## WHAT YOU NEED TO DO
Retype the listing below exactly, pictures removed.

## RECORDED DATA
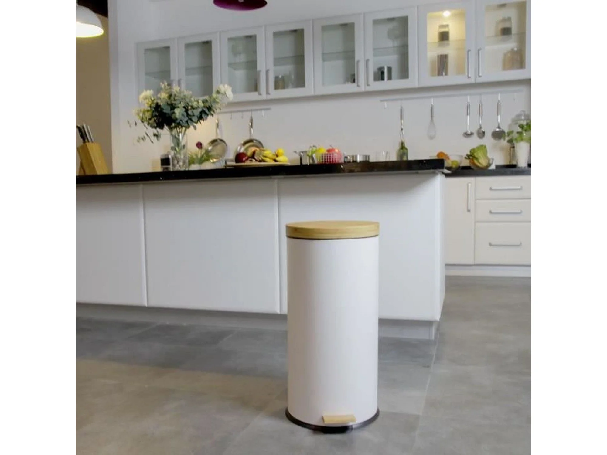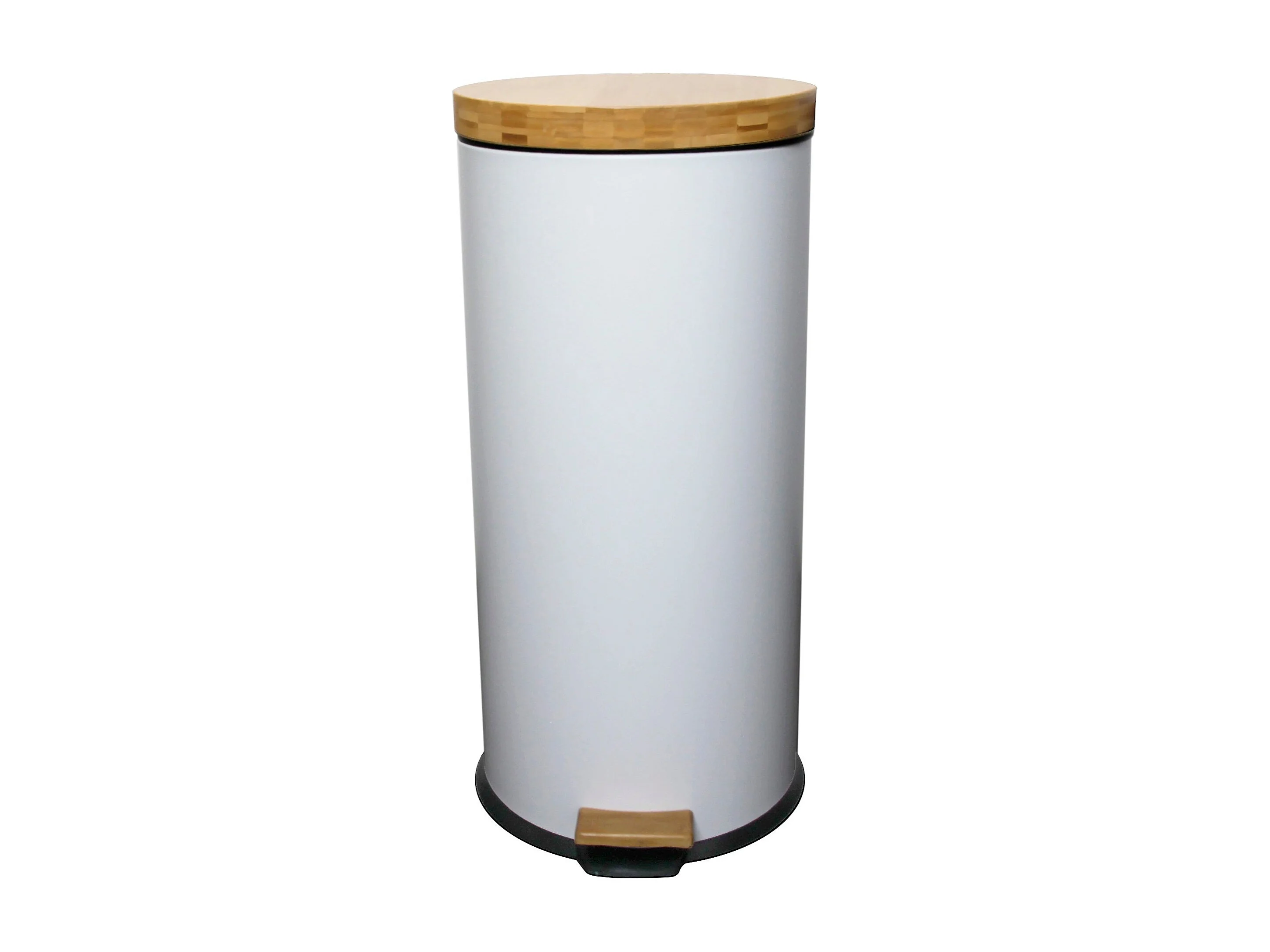 Poubelle 30 Litres en Métal Blanc et Couvercle en Bambou
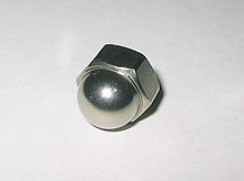 The acorn nut is a type of fastener which gets its name from its shape. Acorn nut is its common name and it is also called a crown hex nut, blind nut, cap nut or domed cap nut. It is a nut that has a domed top to cover the threads. This is to prevent contact with the external thread to protect the threads or protect other things the threads would rub against. In addition the dome gives a more finished appearance. It is usually made of brass, steel, stainless steel (low carbon content) or nylon. It can also be chrome plated and given a mirror finish.
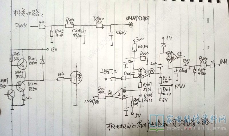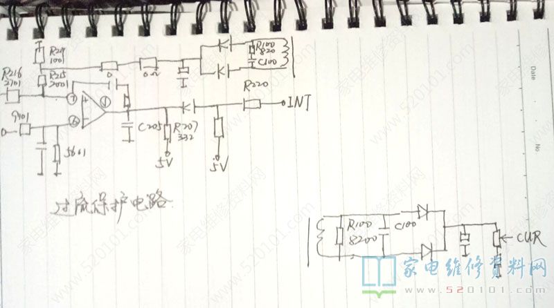 搞不到图纸,用昏花之眼,费了很长的时间绘制了电路图,一边绘制一边分析,图成了问题也解决了。原来是芝麻小电阻开路了,一定要记住它的图号R100,精密阻值8200。换了个1K的普通电阻上去,电磁炉终于可以工作了。不过功率不是很足,调可调电阻(10K),电流最大6.4安培,最小5安培,看来是电阻不合适。通过计算,又并上一个4.7K的普通电阻,把可调置于中间位置就可以电流调到9安培。至此维修结束。
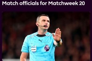 体育资讯12月30日讯 英超官方公布联赛第20轮各场裁判,奥利弗将执法曼城vs切尔西。
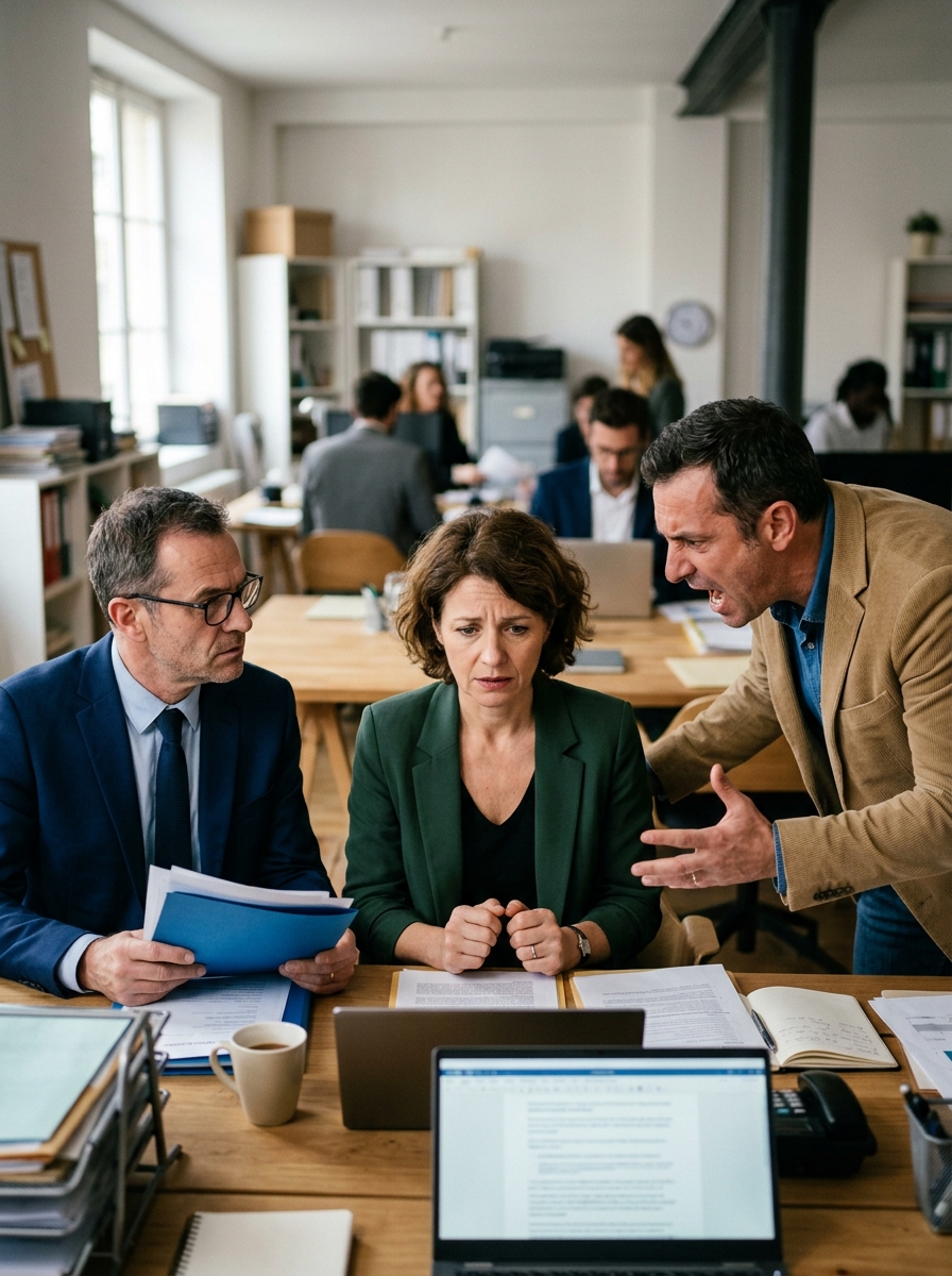 Le lendemain, dans la salle de réunion du cabinet juridique, Antoine affichait une assurance impeccable. Costume parfaitement ajusté, dossier soigneusement ordonné devant lui. Sophie, elle, portait une robe simple et tenait un petit sac à main.
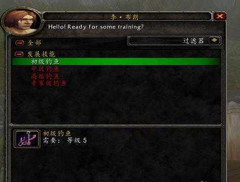 4、这个钓鱼技能也没有速成班的,先从初级钓鱼学起吧。
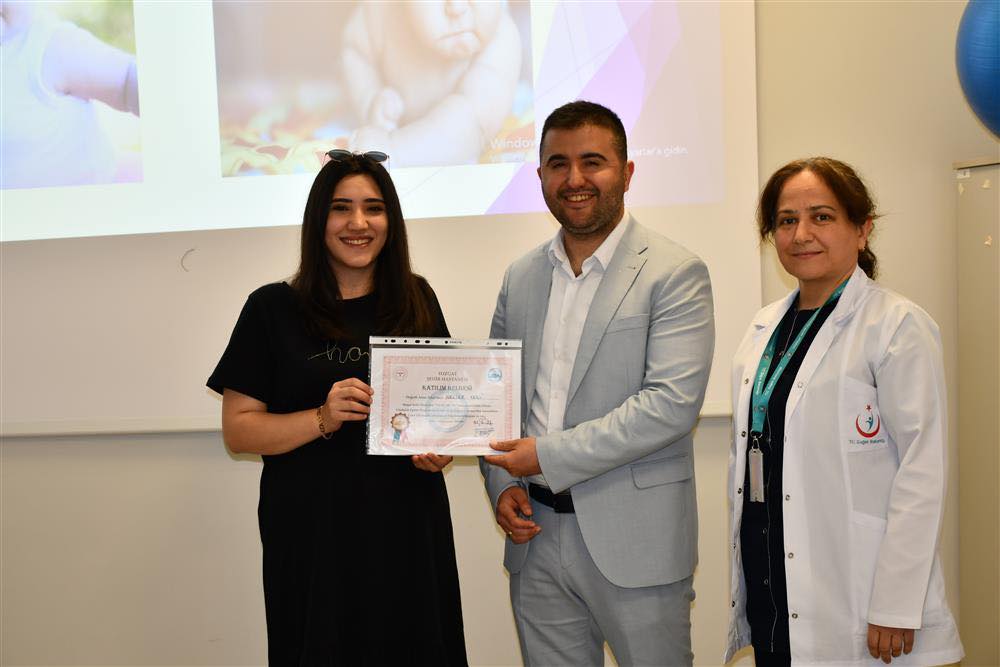 Başhekim Mustafa Kozan, etkinlikte anne adaylarına sertifikalarını takdim ederek tebrik etti. Başhekim Kozan, “Hastanemizde alanında deneyimli ve eğitimli Ebe Demet Civan, Fizyoterapist Semanur Fırat Ergoterapist ve Mustafa Özbent eşliğinde anne adaylarına 5 haftalık eğitim eğitim verildi. Bu süreçte; Gebeliğin oluşumuz ve fizyolojisi, Gebelikte tehlike belirtileri ve önlemler, Gebelikte günlük yaşam ve beslenme, Doğum süreci ve doğum ağrısı ile ilaçsız baş etme yöntemleri ( egzersiz, nefes egzersizi, masaj gibi), Yenidoğan özellikleri-bakımı-yıkanması-masaj, Anne sütü ve emzirme, Anne adaylarımızdan doğmamış bebeklerine mektup, Lohusalık, Aile Planlaması konularında eğitimlerin yanı sıra; nefes egzersizi, meditasyon, gebelik egzersizi uygulamalarıyla desteklenerek anne adayları bilgi ve beceri kazanmış olarak mezun oldular.
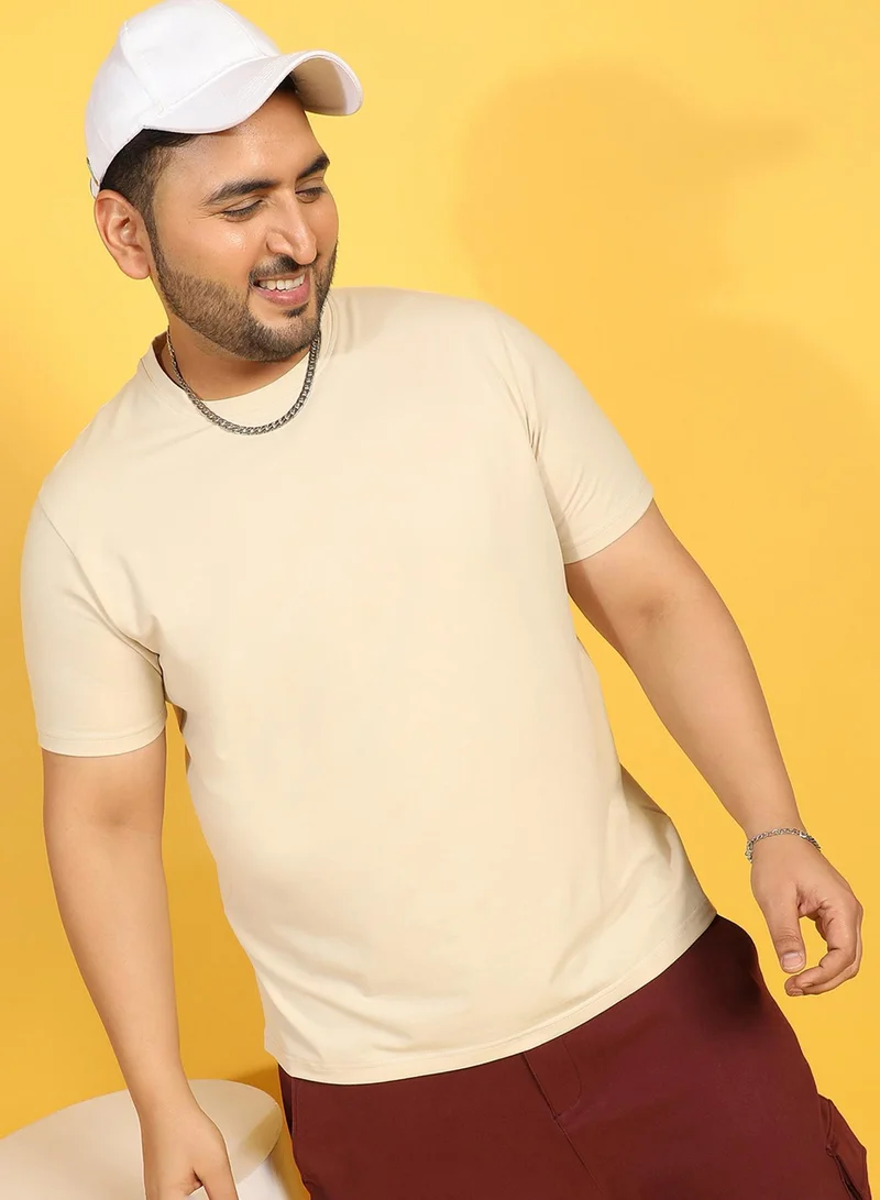 Instafab Plus Men's Beige Basic Plus-Size Fit T-Shirt For Casual Wear | Crewneck | Short Sleeve | Pull On Closure | Cotton T-Shirt Crafted With Comfort Fit For Everyday Wear

## ANSWER TO THIS TASK
 Poubelle 30 Litres en Métal Blanc et Couvercle en Bambou
 The acorn nut is a type of fastener which gets its name from its shape. Acorn nut is its common name and it is also called a crown hex nut, blind nut, cap nut or domed cap nut. It is a nut that has a domed top to cover the threads. This is to prevent contact with the external thread to protect the threads or protect other things the threads would rub against. In addition the dome gives a more finished appearance. It is usually made of brass, steel, stainless steel (low carbon content) or nylon. It can also be chrome plated and given a mirror finish.
 搞不到图纸,用昏花之眼,费了很长的时间绘制了电路图,一边绘制一边分析,图成了问题也解决了。原来是芝麻小电阻开路了,一定要记住它的图号R100,精密阻值8200。换了个1K的普通电阻上去,电磁炉终于可以工作了。不过功率不是很足,调可调电阻(10K),电流最大6.4安培,最小5安培,看来是电阻不合适。通过计算,又并上一个4.7K的普通电阻,把可调置于中间位置就可以电流调到9安培。至此维修结束。
 体育资讯12月30日讯 英超官方公布联赛第20轮各场裁判,奥利弗将执法曼城vs切尔西。
 Le lendemain, dans la salle de réunion du cabinet juridique, Antoine affichait une assurance impeccable. Costume parfaitement ajusté, dossier soigneusement ordonné devant lui. Sophie, elle, portait une robe simple et tenait un petit sac à main.
 4、这个钓鱼技能也没有速成班的,先从初级钓鱼学起吧。
 Başhekim Mustafa Kozan, etkinlikte anne adaylarına sertifikalarını takdim ederek tebrik etti. Başhekim Kozan, “Hastanemizde alanında deneyimli ve eğitimli Ebe Demet Civan, Fizyoterapist Semanur Fırat Ergoterapist ve Mustafa Özbent eşliğinde anne adaylarına 5 haftalık eğitim eğitim verildi. Bu süreçte; Gebeliğin oluşumuz ve fizyolojisi, Gebelikte tehlike belirtileri ve önlemler, Gebelikte günlük yaşam ve beslenme, Doğum süreci ve doğum ağrısı ile ilaçsız baş etme yöntemleri ( egzersiz, nefes egzersizi, masaj gibi), Yenidoğan özellikleri-bakımı-yıkanması-masaj, Anne sütü ve emzirme, Anne adaylarımızdan doğmamış bebeklerine mektup, Lohusalık, Aile Planlaması konularında eğitimlerin yanı sıra; nefes egzersizi, meditasyon, gebelik egzersizi uygulamalarıyla desteklenerek anne adayları bilgi ve beceri kazanmış olarak mezun oldular.
 Instafab Plus Men's Beige Basic Plus-Size Fit T-Shirt For Casual Wear | Crewneck | Short Sleeve | Pull On Closure | Cotton T-Shirt Crafted With Comfort Fit For Everyday Wear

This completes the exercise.